▶ [Instructions to follow]
Copy the lines below exactly, starting at the one with "A unique one-piece" and ending at the one with "The skirt you’ll", and leave out any picture.

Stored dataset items
--------------------------------
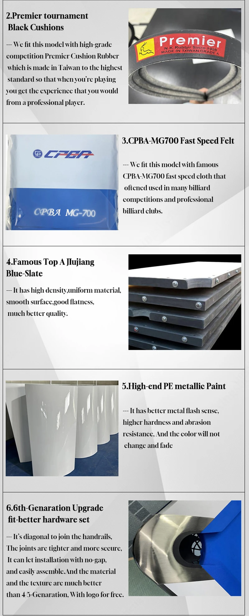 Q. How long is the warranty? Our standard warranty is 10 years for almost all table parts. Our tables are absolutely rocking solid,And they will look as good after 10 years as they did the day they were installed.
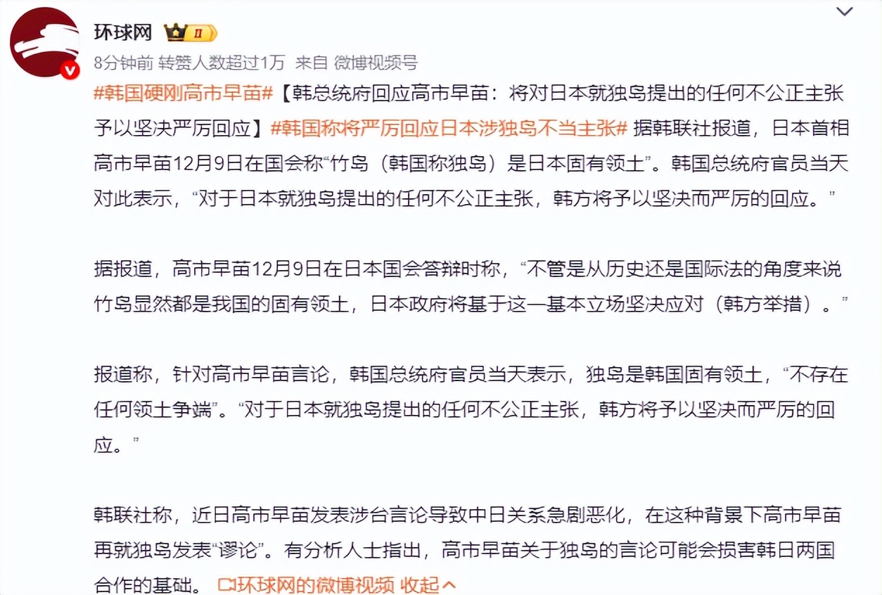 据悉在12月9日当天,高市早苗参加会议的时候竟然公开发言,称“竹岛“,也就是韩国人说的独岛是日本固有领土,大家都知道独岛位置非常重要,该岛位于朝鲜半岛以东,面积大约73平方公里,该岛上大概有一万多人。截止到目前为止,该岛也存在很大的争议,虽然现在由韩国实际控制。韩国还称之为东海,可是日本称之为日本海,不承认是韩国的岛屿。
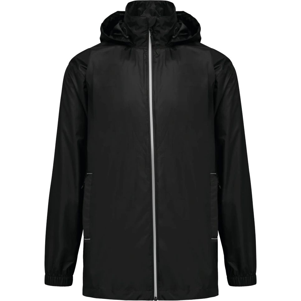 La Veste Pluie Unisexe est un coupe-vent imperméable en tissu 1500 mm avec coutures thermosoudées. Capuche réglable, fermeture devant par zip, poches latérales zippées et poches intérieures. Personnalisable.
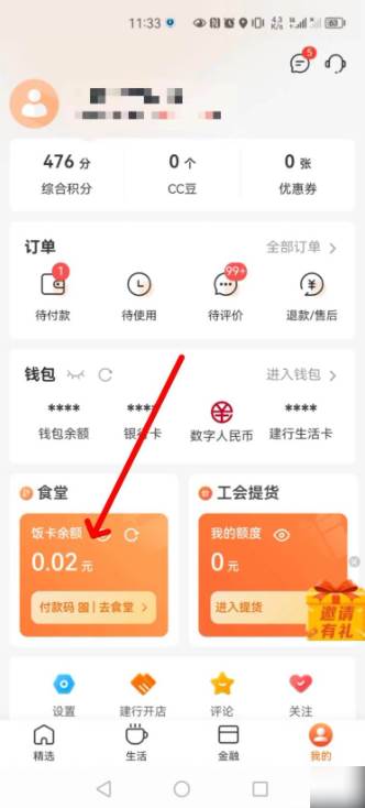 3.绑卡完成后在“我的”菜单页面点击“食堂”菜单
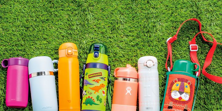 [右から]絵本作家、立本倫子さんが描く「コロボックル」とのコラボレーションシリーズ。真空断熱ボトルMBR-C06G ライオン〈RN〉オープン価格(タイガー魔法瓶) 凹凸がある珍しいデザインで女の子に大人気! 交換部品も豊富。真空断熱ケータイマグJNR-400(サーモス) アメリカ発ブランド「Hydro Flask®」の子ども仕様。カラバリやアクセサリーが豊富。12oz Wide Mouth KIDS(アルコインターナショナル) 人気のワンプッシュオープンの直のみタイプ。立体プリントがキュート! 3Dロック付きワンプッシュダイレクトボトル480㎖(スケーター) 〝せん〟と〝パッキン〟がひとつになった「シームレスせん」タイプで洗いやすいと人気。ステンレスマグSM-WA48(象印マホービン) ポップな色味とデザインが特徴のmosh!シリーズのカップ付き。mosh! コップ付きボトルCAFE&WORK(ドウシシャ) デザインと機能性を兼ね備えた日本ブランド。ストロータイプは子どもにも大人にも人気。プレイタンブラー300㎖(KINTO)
--------------------------------
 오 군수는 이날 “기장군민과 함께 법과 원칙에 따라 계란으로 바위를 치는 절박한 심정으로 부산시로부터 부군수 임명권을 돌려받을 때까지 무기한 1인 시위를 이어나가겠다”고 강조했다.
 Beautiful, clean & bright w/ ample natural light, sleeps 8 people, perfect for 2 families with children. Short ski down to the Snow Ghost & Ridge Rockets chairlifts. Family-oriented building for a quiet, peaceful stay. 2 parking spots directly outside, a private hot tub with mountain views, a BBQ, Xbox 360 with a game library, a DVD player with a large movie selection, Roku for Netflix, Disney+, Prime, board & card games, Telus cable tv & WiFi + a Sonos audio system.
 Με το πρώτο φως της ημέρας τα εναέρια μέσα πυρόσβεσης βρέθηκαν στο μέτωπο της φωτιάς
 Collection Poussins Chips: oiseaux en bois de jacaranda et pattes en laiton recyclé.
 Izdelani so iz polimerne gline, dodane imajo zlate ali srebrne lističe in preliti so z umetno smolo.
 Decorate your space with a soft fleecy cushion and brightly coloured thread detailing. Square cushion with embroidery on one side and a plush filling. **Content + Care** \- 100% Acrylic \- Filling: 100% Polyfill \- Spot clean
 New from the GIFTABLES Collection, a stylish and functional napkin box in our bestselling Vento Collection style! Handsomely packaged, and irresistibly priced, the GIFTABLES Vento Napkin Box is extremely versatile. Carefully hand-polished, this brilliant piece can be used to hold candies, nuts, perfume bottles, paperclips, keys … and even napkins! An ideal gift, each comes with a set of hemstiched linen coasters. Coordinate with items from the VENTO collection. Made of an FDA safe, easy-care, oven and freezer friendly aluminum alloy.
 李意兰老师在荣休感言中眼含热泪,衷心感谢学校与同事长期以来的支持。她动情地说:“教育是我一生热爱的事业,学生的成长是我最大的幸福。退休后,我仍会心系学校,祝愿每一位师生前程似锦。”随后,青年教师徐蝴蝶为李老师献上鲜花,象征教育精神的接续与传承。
--------------------------------
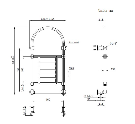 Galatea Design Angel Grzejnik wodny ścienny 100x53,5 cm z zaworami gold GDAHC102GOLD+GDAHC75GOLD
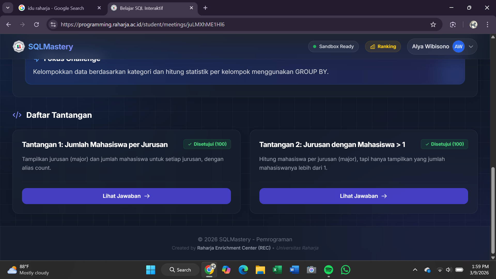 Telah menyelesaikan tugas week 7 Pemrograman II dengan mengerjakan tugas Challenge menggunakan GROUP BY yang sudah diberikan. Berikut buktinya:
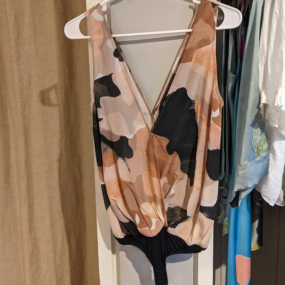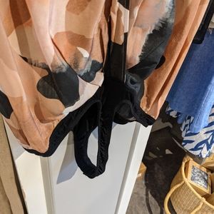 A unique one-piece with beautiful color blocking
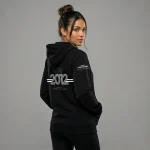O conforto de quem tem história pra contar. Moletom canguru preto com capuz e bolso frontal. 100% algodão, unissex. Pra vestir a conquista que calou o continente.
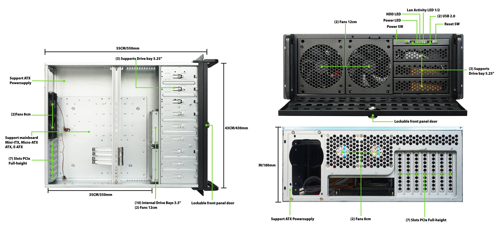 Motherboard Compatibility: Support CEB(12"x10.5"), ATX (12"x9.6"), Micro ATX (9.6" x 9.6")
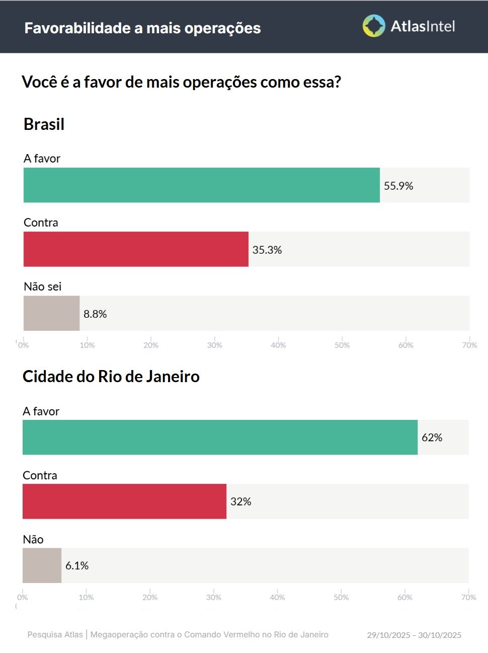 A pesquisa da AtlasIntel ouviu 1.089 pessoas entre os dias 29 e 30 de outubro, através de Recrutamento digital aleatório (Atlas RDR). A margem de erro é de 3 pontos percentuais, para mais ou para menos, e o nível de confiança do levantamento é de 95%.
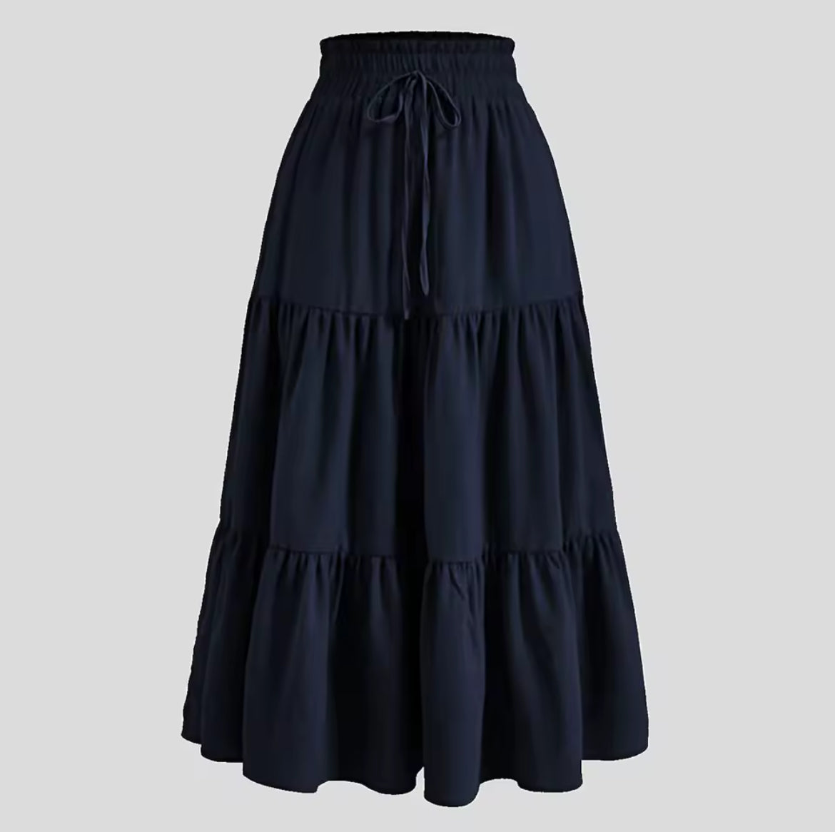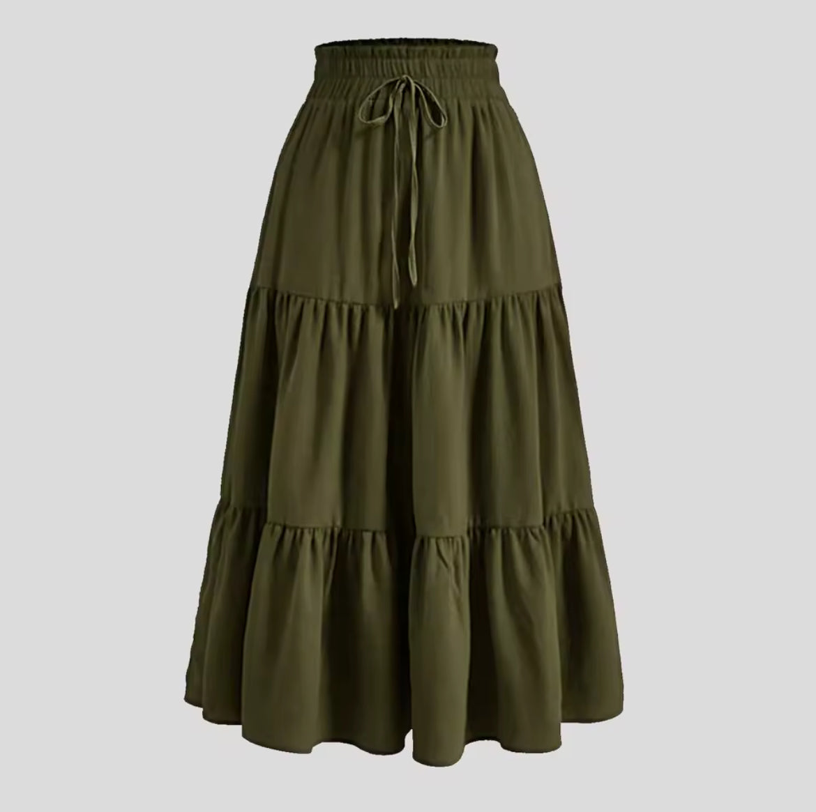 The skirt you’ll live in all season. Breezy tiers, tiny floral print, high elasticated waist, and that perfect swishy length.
--------------------------------
▶ [Result of this task]
 A unique one-piece with beautiful color blocking
O conforto de quem tem história pra contar. Moletom canguru preto com capuz e bolso frontal. 100% algodão, unissex. Pra vestir a conquista que calou o continente.
 Motherboard Compatibility: Support CEB(12"x10.5"), ATX (12"x9.6"), Micro ATX (9.6" x 9.6")
 A pesquisa da AtlasIntel ouviu 1.089 pessoas entre os dias 29 e 30 de outubro, através de Recrutamento digital aleatório (Atlas RDR). A margem de erro é de 3 pontos percentuais, para mais ou para menos, e o nível de confiança do levantamento é de 95%.
 The skirt you’ll live in all season. Breezy tiers, tiny floral print, high elasticated waist, and that perfect swishy length.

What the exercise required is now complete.